WASHINGTON — The Treasury Department said Wednesday that it expects to start offering investors a new Treasury security with variable interest rates in January. It will be the first new Treasury security in 15 years.
Treasury officials said they hope to be able to tell investors the size of the initial offering in November, providing time for bond traders to adjust their computer systems for the new product.
Offering a variable interest rate carries some risk to the government, which would have to pay more if, as economists expect, rates begin to rise in coming years from the current super low levels. But the government is counting on attracting more investors who will be drawn by the prospect of potentially higher yields.
Treasury officials said they viewed the rate risk as minimal because the bills will basically substitute for short-term Treasury bills which have to be renewed every three months, a frequency that already carries a rate risk for the government.
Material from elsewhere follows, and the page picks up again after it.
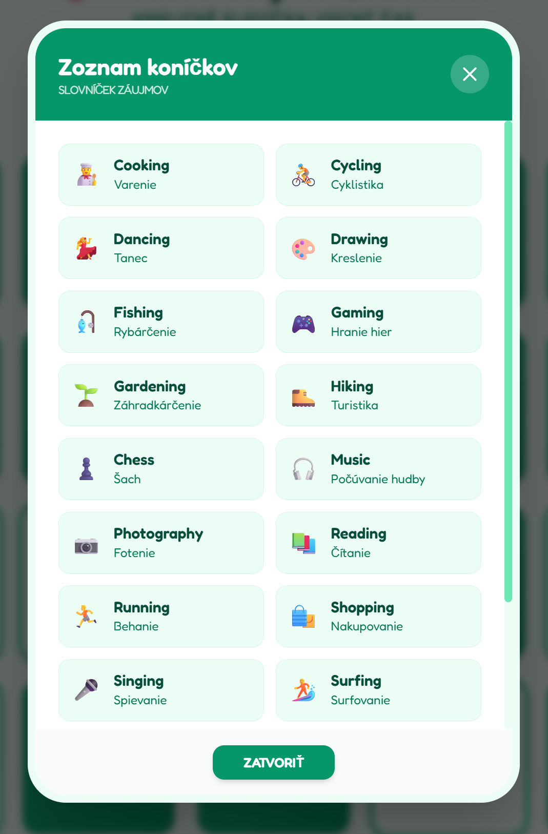 - 20 slovíčok: Pokrýva všetko od športu cez umenie až po relaxáciu.

A final rule describing the new floating rate notes was published Wednesday in the Federal Register. The floating rate notes are the first new product Treasury has offered investors since TIPS, Treasury inflation protected securities, were put on the market more than 15 years ago.
Matthew Rutherford, Treasury's assistant secretary for financial markets, said that Treasury is not currently contemplating any other new products such as a 50-year bond or a 100-year bond. Rutherford said he thinks Treasury's 30-year bond adequately served the needs of investors looking for a longer-term security.
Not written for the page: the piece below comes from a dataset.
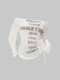 Grunge Punk Romantisches Punk Kreuz & Buchstaben Muster Off-Shoulder Große Größen Damen Langarm T-Shirt Top

Rutherford told reporters at a news conference that Treasury still believed it would be able to meet its borrowing needs and keep the government operating until sometime after Labor Day when Congress will return from its August recess.
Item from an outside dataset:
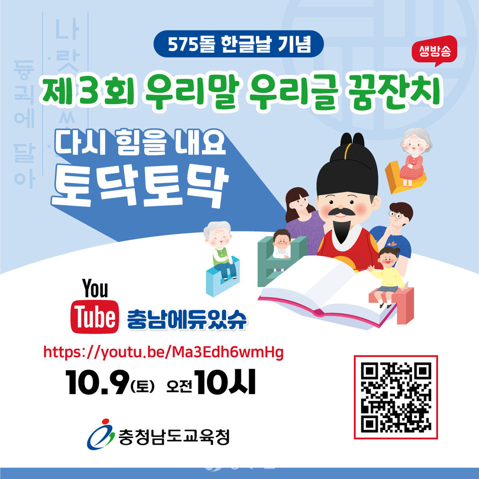 한글날인 10월 9일에는 기념식과 함께 한글사랑 유공자에 대한 교육감 표창, 충남교육 한글사랑 공모전 우수작 시상을 한다. 이어 풍물, 연극, 모래예술 공연과 함께 ‘제3회 우리말 우리글 꿈잔치’를 개막한다. 본행사로 대담과 퀴즈로 꾸며진 특별생방송을 충남교육청 유튜브 채널 ‘에듀있슈(https://youtu.be/Ma3Edh6wmHg)’를 통해 송출한다.

He refused to be more specific about when Treasury will run out of bookkeeping maneuvers to avoid hitting the current $16.7 trillion debt limit but private economists have said Treasury may be able to avoid hitting the limit until late October or early November. Treasury has been using various bookkeeping maneuvers to avoid hitting the borrowing limit since May 17.
Treasury Secretary Jacob Lew is urging Congress to move quickly in September to take away the "cloud of uncertainty" about the nation's ability to pay its bills by increasing the borrowing limit and avoid a repeat of 2011 when a prolonged standoff over the issue between Republicans and the administration rattled financial markets.
Treasury announced Wednesday that as part of its regular quarterly refunding auctions next week it would sell $32 billion in 3-year notes, $24 billion in 10-year notes and $16 billion in 30-year bonds.
The money raised would be part of the $209 billion in borrowing it is projecting will be done in the July-September quarter. It has projected $235 billion in borrowing needs for the October-December quarter but that amount will depend on Congress increasing the debt limit.